Variability in Breast Cancer Biomarker Assessment and the Effect on Oncological Treatment Decisions: A Nationwide 5-Year Population-Based Study
Department of Oncology and Pathology, Karolinska Institutet, 17176 Stockholm, Sweden
Department of Clinical Pathology and Cytology, Karolinska University Laboratory, 11883 Stockholm, Sweden
Department of Breast, Endocrine Tumors and Sarcoma, Karolinska University Hospital, 17176 Stockholm, Sweden
Department of Molecular Medicine and Surgery, Karolinska Institutet, 17176 Stockholm, Sweden
Division of Clinical Genetics, Department of Laboratory Medicine, Lund University, 22185 Lund, Sweden
Division of Oncology and Pathology, Department of Clinical Sciences Lund, Lund University, 22184 Lund, Sweden
Department of Clinical Pathology, Sahlgrenska University Hospital, 41345 Gothenburg, Sweden
Department of Clinical Medicine, Aalborg University, 9000 Aalborg, Denmark
NordiQC, Institute of Pathology, Aalborg University Hospital, 9000 Aalborg, Denmark
Breast Center, Cancer Theme, Karolinska University Hospital and Karolinska Comprehensive Cancer Center, Gävlegatan 55, 17164 Solna, Sweden
Author to whom correspondence should be addressed.
These authors contributed equally to this work.

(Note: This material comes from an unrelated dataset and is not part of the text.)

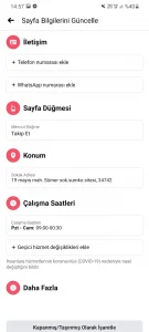 Gördüğünüz üzere bu kısımda da sayfamıza çeşitli fonksiyon düğmeleri , konum bilgileri , çalışma saatleri ekleyebiliyoruz. Ayrıca eğer işletmemiz kapandıysa tasfiye durumu varsa en altta bulunan kapanmış / taşınmış olarak işaretle seçeneğini seçebiliyoruz.
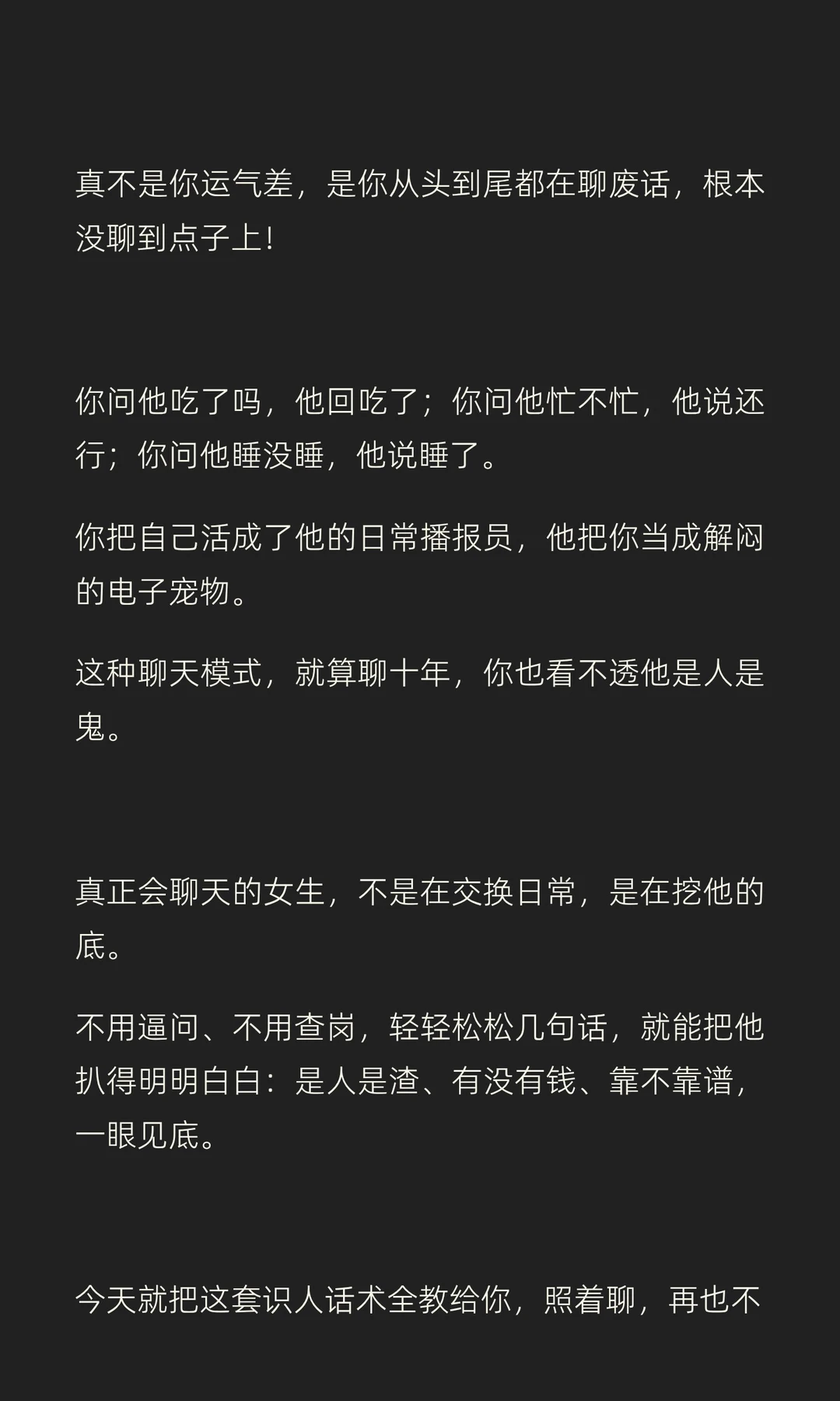 别再瞎聊了!三句话摸清男人底细,别等被骗

Academic Editor: Rupert Bartsch
Received: 1 January 2021
Revised: 24 February 2021
Accepted: 26 February 2021
Published: 9 March 2021
Biomarkers that define breast cancer treatment recommendations include estrogen receptor (ER), progesterone receptor (PR), and human epidermal growth-factor receptor 2 (HER2); histological grade; and in many countries, the Ki67 proliferation index. However, the subjective nature and degree of variability in breast cancer biomarker assessment might result in under- or overtreatment. We demonstrated that limited variability exists in ER, PR, and HER2 positivity rates among 29 departments in Sweden, including 43,261 patients. However, even a few outlier labs affect endocrine and anti-HER2 treatment rates in a clinically relevant proportion, indicating a need for improvement. Despite international guidelines, standardized protocols, and external quality control procedures, very high variability was found in Ki67 scoring and histological grading, indicating a need for new methods. Monitoring rates of biomarker expression and treatments among departments should be mandatory in order to detect variability issues affecting the clinical management of breast cancer.